In alcune occasioni, tuttavia, capita di avvitarsi in spirali di opposizione al sistema talmente profonde che, per assurdo, finiscono per ritorcersi contro gli stessi antagonisti.
È il caso, a mio umile avviso, dei
Mantar, quest’oggi vittime della loro ferrea – e in ultima analisi stolida, ahimè- volontà di deludere le altrui aspettative.
Così, dopo un
album a
loro avviso troppo prodotto, rifinito ed “educato” come “
Pain Is Forever and This Is the End” del 2022, i Nostri hanno preso la deliberata decisione di imboccare il sentiero della viscerale semplificazione.
“
Post Apocalyptic Depression”, dunque, si presenta così ai nastri di partenza:
-
sound minimale e scabro (le registrazioni sono avvenute in presa diretta, e con la strumentazione già presente in loco, ai floridiani
Black Bear Studios);
- arrangiamenti ridotti all’osso (il processo è stato “
quick and dirty” per stessa ammissione della
band);
- semplificazione strutturale dei pezzi (pare ne abbiano composti una ventina in appena due giorni, per poi scegliere i migliori da inserire nell’
album);
- decisa virata stilistica verso il
punk più abrasivo (elemento, questo, da sempre presente, ma mai in modo così preponderante).
Al netto dei gusti di ognuno, e pur apprezzando l’innegabile onestà artistica con cui il duo teutonico ha confezionato il
platter, preme rilevare come la sopra descritta operazione di ripulitura dagli orpelli non abbia pagato gli auspicati dividendi.
Dei dodici brani presenti in scaletta, infatti, alcuni funzionano (citerei in tal senso “
Absolute Ghost”, la sordida “
Rex Perverso” e la trascinante “
Halsgericht”) mentre altri meno (la conclusiva “
Cosmic Abortion”, copia-incollata da “
Thunder Kiss ‘65” dei
White Zombie, le insipide “
Principle of Command” e “
Dogma Down” e la ripetitiva “
Axe Death Scenario” le mie principali indiziate).
Il nocciolo della questione, tuttavia, è un altro, ed ha a che fare con una traiettoria artistica che, a parere di chi scrive, ha subito, in termini di ispirazione compositiva e di intrinseca qualità della proposta, una battuta d’arresto.

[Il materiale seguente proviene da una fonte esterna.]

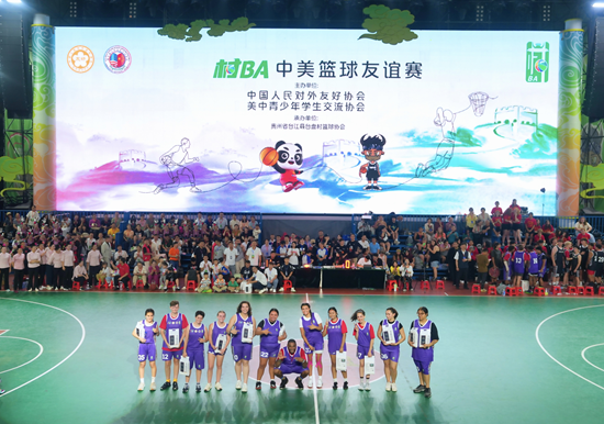 美國(guó)青少年球員在“村BA”球場(chǎng)合影。(供圖:貴州省文化和旅游廳)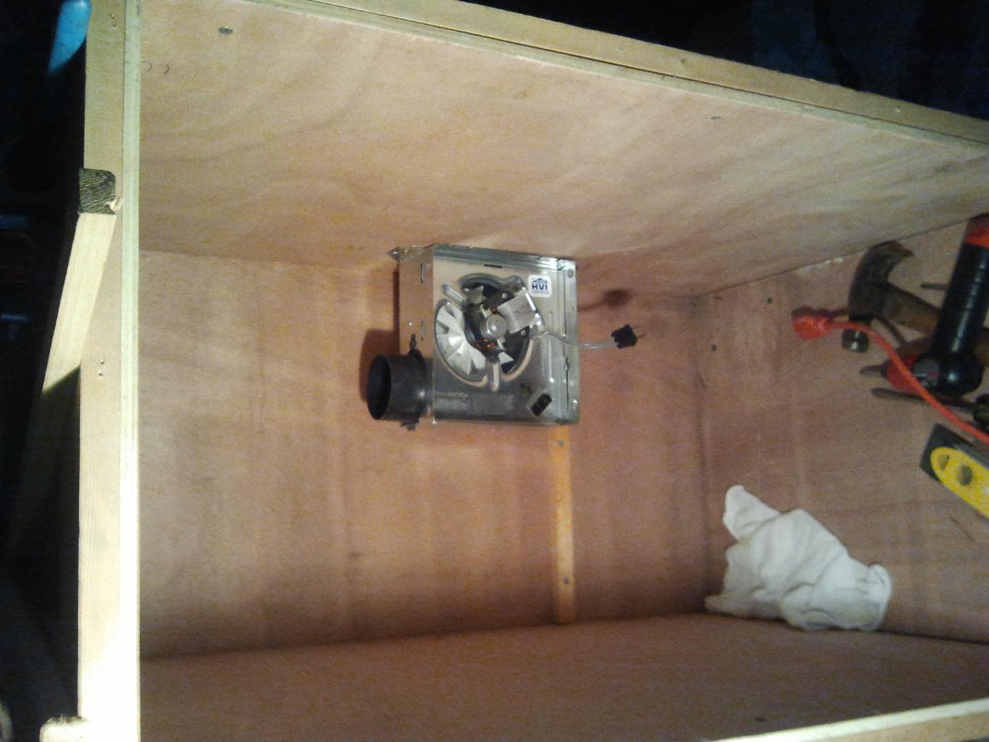 Well, here it is. I'm sure it's not much to some people, but it was by far the most technical thing I've done thus far. It has 2- 50 cf/m bathroom vent fans. The vent off the fan was 3", so I used 3" 90deg duct brackets to a 3" T, then fed that into a 4" flex duct. I couldn't seem to find any 3" flex duct, so I used a zip tie to snug it down. A few screw in hooks and a hanging wire should give me options depending on the size of plug I'm spraying. Used a 17"x25" febreeze furnace filter.

Prova ne sia che, una volta terminati gli ascolti “istituzionali” necessari a recensire l’opera, non abbia più percepito alcuno stimolo a rimettere nello stereo “
Post Apocalyptic Depression”; coi
Mantar, ahimè, non mi era mai successo prima d’ora.
Una leggera battuta d’arresto, ad ogni modo, ci può stare; a partire dal prossimo
full, nondimeno, auspico un dispiego meno esasperato di spirito di antagonismo, ed una maggior dose di raziocinio.